Partition负责管理每个副本对应的Replica对象,进行Leader副本的切换,ISR列表的管理以及调用日志存储系统完成写消息等
一Partition核心字段
topic: String 表示topic名字
partitionId:Int 表示分区号
replicaManager: ReplicaManager 管理副本的一个类
localBrokerId:Int 当前的broker的id
logManager:LogManager 日志管理器,包括创建删除等
zkUtils: ZkUtils 操作zookeeper的辅助类
leaderEpoch:Int leader副本的年代信息
leaderReplicaIdOpt:Option[Int] 该partition的leader副本的id
inSyncReplicas: Set[Replica]类型,该集合维护了该分区的ISR列表,ISR是AR的子集
assignedReplicaMap:Pool[Int, Replica] 维护了该分区全部副本的集合AR信息
二 Partition重要方法
2.1 getOrCreateReplica: 获取或者创建副本
主要负责在AR集合(assignedReplicaMap)中查找指定的副本的replica对象;如果查找不到则创建replica对象并添加到AR集合中管理,如果创建的是本地副本,还会创建(恢复)对应的Log并初始化HighWatermark,HighWatermark与Log的recoveryPoint类似,也会需要记录到文件中保存,每一个log目录下都有一个replication-offset-checkpoint会记录。

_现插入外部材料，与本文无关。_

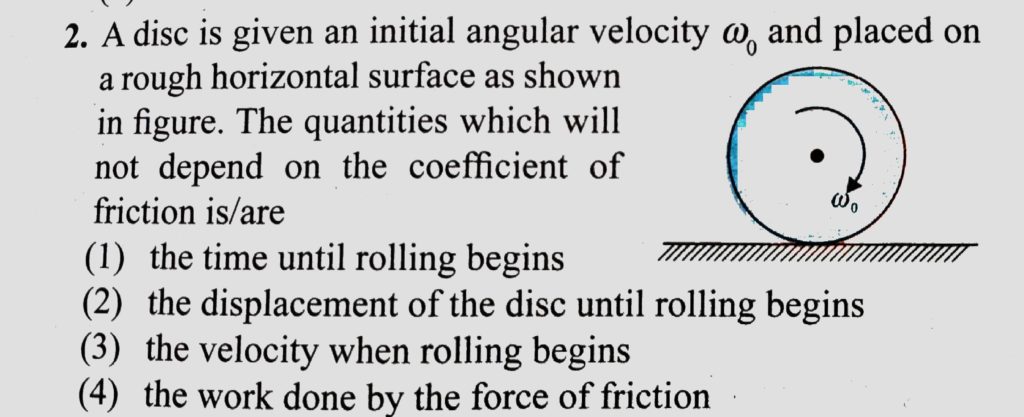 A disc is given an initial angular velocity omega 0 and palced on a rough horizontal surface as shown in figure. The quantities which will not depend on the coefficient of friction is/are A disc is given an initial angular velocity omega 0 and palced on a rough horizontal surface as shown in figure. The quantities which will not depend on the coefficient of friction is/are September 30, 2020 Category: Uncategorised (JEE Advanced Physics by BM Sharma + GMP Solutions) , Facebook Messenger WhatsApp Share this:TwitterFacebook Related
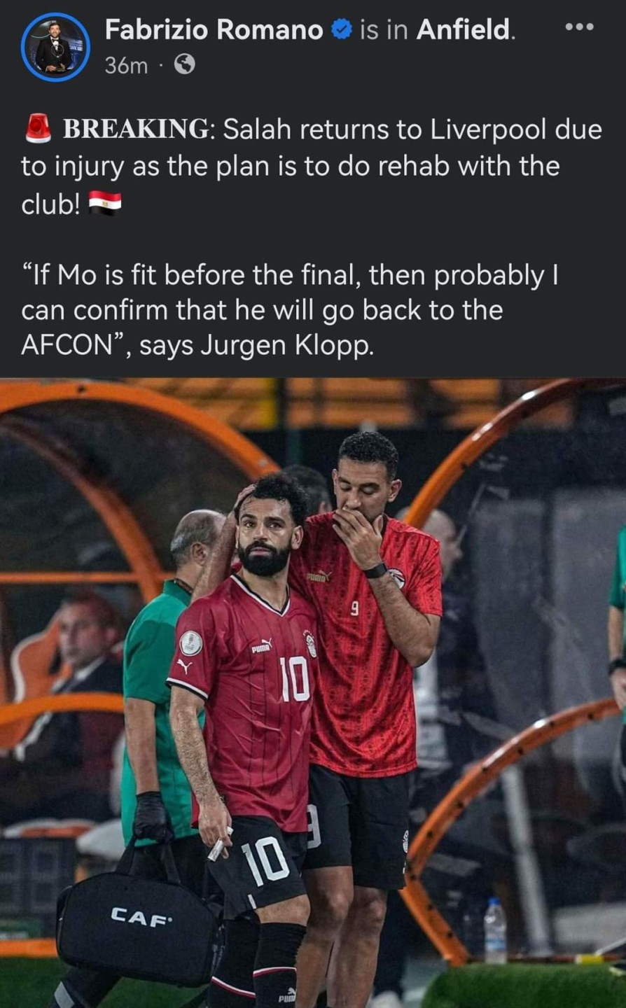 وكان محمد صلاح قد تعرض للإصابة في لقاء غانا بالجولة الثانية ضمن دور المجموعات بكأس أمم إفريقيا، وخرج مبكرًا في الشوط الأول متأثرا بإصابته.

每一个分区的HW,在ReplicaManager启动的时候会读取此文件到highWatermarkCheclpoints这个map集合中,之后会定时更新该文件
def getOrCreateReplica(replicaId: Int = localBrokerId): Replica = {
// 从AR列表获取指定副本
val replicaOpt = getReplica(replicaId)
replicaOpt match {
case Some(replica) => replica
case None =>
// 判断是不是当前brokerId,
if (isReplicaLocal(replicaId)) {
// 获取配置信息
val config = LogConfig.fromProps(logManager.defaultConfig.originals,
AdminUtils.fetchEntityConfig(zkUtils, ConfigType.Topic, topic))
// 创建本地log
val log = logManager.createLog(TopicAndPartition(topic, partitionId), config)
// 获取指定日志目录对应的OffsetCheckpoint对象,他负责管理log目录下的replica-offsetcheckpoint
val checkpoint = replicaManager.highWatermarkCheckpoints(log.dir.getParentFile.getAbsolutePath)
// 将replication-offset-checkpoint文件中的记录HW转成map
val offsetMap = checkpoint.read
if (!offsetMap.contains(TopicAndPartition(topic, partitionId)))
info("No checkpointed highwatermark is found for partition [%s,%d]".format(topic, partitionId))
// 根据TopicPartition找到对应的HW,再与LEO比较,此值会作为次副本的HW
val offset = offsetMap.getOrElse(TopicAndPartition(topic, partitionId), 0L).min(log.logEndOffset)
val localReplica = new Replica(replicaId, this, time, offset, Some(log))
addReplicaIfNotExists(localReplica)
} else {// 如果是远程副本,直接创建并添加到AR列表
val remoteReplica = new Replica(replicaId, this, time)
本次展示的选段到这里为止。